[DATASET EXTRACT]
▼
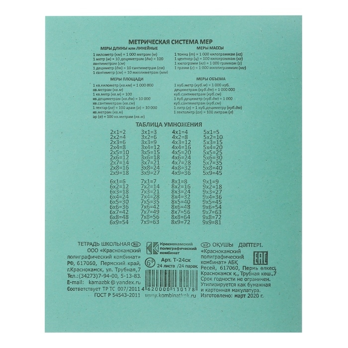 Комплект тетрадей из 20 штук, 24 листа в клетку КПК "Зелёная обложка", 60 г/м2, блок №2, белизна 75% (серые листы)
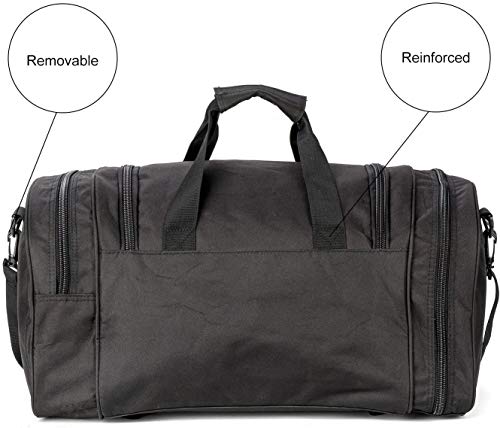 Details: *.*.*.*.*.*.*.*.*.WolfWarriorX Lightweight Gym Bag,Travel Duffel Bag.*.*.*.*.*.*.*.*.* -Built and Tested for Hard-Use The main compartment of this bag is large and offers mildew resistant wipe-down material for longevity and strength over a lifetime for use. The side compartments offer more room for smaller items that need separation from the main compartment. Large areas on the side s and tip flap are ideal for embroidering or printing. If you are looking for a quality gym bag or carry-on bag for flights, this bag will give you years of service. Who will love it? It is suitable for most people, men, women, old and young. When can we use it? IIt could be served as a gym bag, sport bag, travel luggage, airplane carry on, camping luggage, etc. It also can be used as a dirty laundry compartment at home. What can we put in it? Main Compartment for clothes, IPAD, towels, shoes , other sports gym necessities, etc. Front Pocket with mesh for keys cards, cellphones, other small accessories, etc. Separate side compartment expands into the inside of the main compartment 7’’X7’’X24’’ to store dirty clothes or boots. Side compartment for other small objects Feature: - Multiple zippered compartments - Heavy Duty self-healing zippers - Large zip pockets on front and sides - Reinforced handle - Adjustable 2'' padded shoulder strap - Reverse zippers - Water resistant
▲
▼
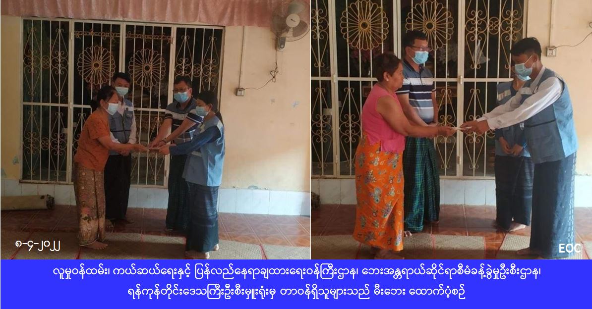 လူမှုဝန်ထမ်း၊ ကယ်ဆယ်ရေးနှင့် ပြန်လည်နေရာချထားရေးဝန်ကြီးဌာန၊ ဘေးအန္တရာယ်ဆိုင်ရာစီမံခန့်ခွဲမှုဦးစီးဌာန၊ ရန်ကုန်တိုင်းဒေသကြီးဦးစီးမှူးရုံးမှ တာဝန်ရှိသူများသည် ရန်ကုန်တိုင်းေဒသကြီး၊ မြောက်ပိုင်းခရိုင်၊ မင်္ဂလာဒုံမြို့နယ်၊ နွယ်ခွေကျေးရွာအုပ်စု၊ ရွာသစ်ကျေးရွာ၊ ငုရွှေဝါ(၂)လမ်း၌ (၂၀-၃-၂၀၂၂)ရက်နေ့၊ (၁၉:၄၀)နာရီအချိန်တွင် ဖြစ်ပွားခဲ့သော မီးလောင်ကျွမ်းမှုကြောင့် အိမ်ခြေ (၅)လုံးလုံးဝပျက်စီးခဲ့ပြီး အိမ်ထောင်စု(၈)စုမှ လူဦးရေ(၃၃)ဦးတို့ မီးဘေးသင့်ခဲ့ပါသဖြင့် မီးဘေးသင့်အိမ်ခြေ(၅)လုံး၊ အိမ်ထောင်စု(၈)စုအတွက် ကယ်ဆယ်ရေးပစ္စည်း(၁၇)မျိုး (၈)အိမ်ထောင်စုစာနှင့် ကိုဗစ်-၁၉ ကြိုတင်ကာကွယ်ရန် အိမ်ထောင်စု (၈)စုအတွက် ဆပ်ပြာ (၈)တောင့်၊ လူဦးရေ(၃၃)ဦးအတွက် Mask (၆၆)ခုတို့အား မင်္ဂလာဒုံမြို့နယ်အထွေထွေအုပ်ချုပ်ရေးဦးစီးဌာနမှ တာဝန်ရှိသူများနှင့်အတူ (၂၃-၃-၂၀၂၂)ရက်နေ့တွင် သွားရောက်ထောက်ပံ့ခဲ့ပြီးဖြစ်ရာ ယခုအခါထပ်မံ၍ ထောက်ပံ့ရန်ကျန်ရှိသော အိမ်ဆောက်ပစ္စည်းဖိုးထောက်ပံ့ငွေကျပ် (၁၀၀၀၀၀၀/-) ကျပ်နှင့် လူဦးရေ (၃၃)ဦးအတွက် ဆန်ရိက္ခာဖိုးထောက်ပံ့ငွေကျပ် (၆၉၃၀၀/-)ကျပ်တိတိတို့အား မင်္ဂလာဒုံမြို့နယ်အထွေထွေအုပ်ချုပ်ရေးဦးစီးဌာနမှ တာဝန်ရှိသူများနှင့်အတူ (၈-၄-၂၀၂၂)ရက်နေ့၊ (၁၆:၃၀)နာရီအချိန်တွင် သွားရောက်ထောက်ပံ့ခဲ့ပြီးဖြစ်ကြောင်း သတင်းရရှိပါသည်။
▲
[WHAT YOU WILL DO]
A clean copy is needed of the lines above from the one with "Комплект тетрадей из" up to and including the one with "Details: *.*.*.*.*.*.*.*.*.WolfWarriorX Lightweight". Please set it down exactly, with no pictures.

[TASK SOLUTION]
 Комплект тетрадей из 20 штук, 24 листа в клетку КПК "Зелёная обложка", 60 г/м2, блок №2, белизна 75% (серые листы)
 Details: *.*.*.*.*.*.*.*.*.WolfWarriorX Lightweight Gym Bag,Travel Duffel Bag.*.*.*.*.*.*.*.*.* -Built and Tested for Hard-Use The main compartment of this bag is large and offers mildew resistant wipe-down material for longevity and strength over a lifetime for use. The side compartments offer more room for smaller items that need separation from the main compartment. Large areas on the side s and tip flap are ideal for embroidering or printing. If you are looking for a quality gym bag or carry-on bag for flights, this bag will give you years of service. Who will love it? It is suitable for most people, men, women, old and young. When can we use it? IIt could be served as a gym bag, sport bag, travel luggage, airplane carry on, camping luggage, etc. It also can be used as a dirty laundry compartment at home. What can we put in it? Main Compartment for clothes, IPAD, towels, shoes , other sports gym necessities, etc. Front Pocket with mesh for keys cards, cellphones, other small accessories, etc. Separate side compartment expands into the inside of the main compartment 7’’X7’’X24’’ to store dirty clothes or boots. Side compartment for other small objects Feature: - Multiple zippered compartments - Heavy Duty self-healing zippers - Large zip pockets on front and sides - Reinforced handle - Adjustable 2'' padded shoulder strap - Reverse zippers - Water resistant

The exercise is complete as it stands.